Return, exactly and in full, the lines of the records below starting at the one with "Петропавловск-Камчатский. 24 августа." and ending at the one with "人勤春来早。尽管近日上海的天", and no other lines.

Data shown:
-- Opening Marker --
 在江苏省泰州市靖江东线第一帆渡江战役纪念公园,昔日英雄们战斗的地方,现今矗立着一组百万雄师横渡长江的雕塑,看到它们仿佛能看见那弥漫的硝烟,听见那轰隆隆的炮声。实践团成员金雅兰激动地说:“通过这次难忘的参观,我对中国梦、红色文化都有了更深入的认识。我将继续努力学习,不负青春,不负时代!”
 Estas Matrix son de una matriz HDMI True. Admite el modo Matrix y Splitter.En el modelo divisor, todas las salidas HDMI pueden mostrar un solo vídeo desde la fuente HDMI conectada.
-- Closing Marker --
-- Opening Marker --
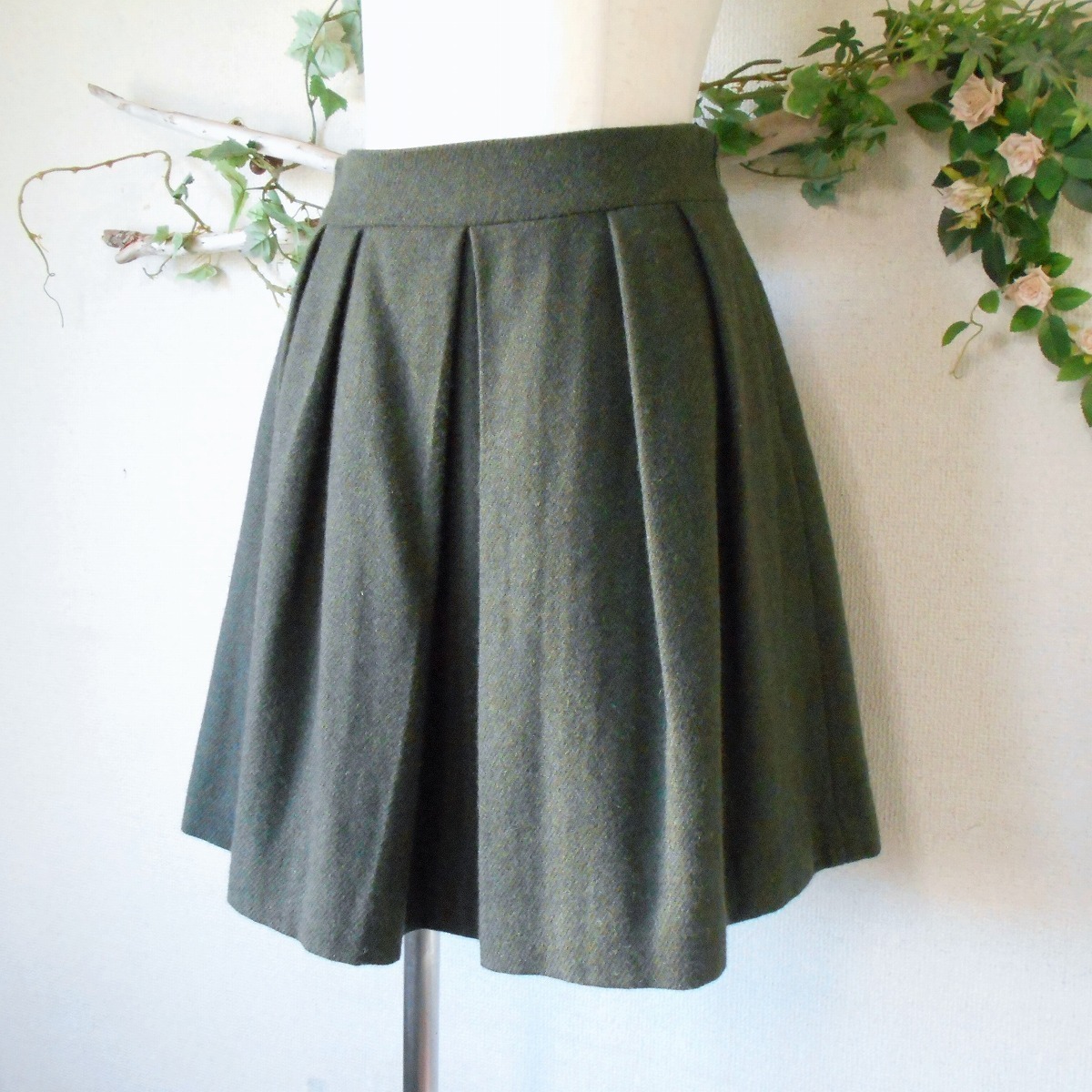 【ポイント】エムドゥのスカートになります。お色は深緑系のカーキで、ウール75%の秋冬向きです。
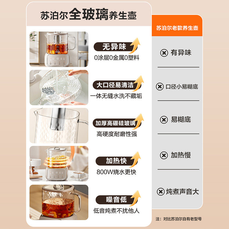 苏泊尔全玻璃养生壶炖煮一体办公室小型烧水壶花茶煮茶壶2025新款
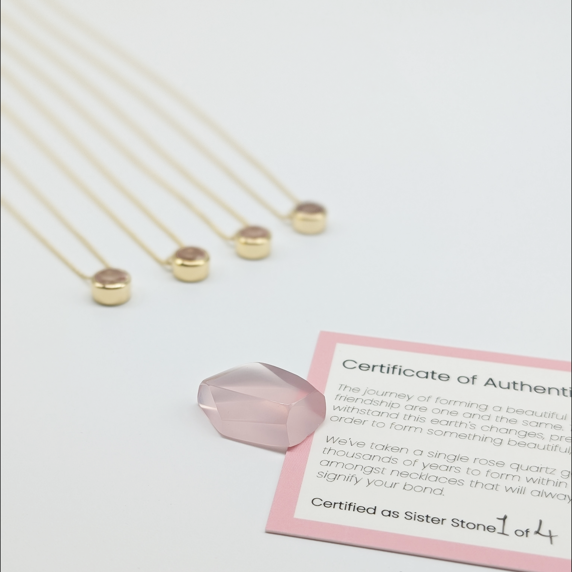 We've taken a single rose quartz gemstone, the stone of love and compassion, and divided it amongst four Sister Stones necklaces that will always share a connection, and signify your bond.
-- Closing Marker --
-- Opening Marker --
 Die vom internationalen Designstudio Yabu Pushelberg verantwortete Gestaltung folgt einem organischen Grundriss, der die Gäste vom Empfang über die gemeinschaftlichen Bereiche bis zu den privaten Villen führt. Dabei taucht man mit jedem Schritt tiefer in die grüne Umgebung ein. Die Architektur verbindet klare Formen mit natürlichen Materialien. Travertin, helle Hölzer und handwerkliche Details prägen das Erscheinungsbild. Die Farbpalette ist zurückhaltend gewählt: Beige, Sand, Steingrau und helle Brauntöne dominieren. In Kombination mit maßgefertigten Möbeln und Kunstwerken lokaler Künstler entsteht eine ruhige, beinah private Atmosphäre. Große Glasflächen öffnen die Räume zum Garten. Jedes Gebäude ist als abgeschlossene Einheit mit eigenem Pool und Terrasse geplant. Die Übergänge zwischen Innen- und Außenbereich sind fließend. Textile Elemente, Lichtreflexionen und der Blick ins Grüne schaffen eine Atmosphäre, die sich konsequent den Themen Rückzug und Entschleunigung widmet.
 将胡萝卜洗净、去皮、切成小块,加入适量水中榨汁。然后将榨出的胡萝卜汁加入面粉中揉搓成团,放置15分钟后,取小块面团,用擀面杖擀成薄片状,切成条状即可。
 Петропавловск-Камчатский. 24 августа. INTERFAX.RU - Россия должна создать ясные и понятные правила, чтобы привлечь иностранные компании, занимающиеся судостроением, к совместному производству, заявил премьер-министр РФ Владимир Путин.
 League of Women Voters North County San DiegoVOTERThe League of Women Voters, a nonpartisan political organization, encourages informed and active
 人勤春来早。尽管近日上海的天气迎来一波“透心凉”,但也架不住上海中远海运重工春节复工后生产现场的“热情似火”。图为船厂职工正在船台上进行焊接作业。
-- Closing Marker --
Your response:
 Петропавловск-Камчатский. 24 августа. INTERFAX.RU - Россия должна создать ясные и понятные правила, чтобы привлечь иностранные компании, занимающиеся судостроением, к совместному производству, заявил премьер-министр РФ Владимир Путин.
 League of Women Voters North County San DiegoVOTERThe League of Women Voters, a nonpartisan political organization, encourages informed and active
 人勤春来早。尽管近日上海的天气迎来一波“透心凉”,但也架不住上海中远海运重工春节复工后生产现场的“热情似火”。图为船厂职工正在船台上进行焊接作业。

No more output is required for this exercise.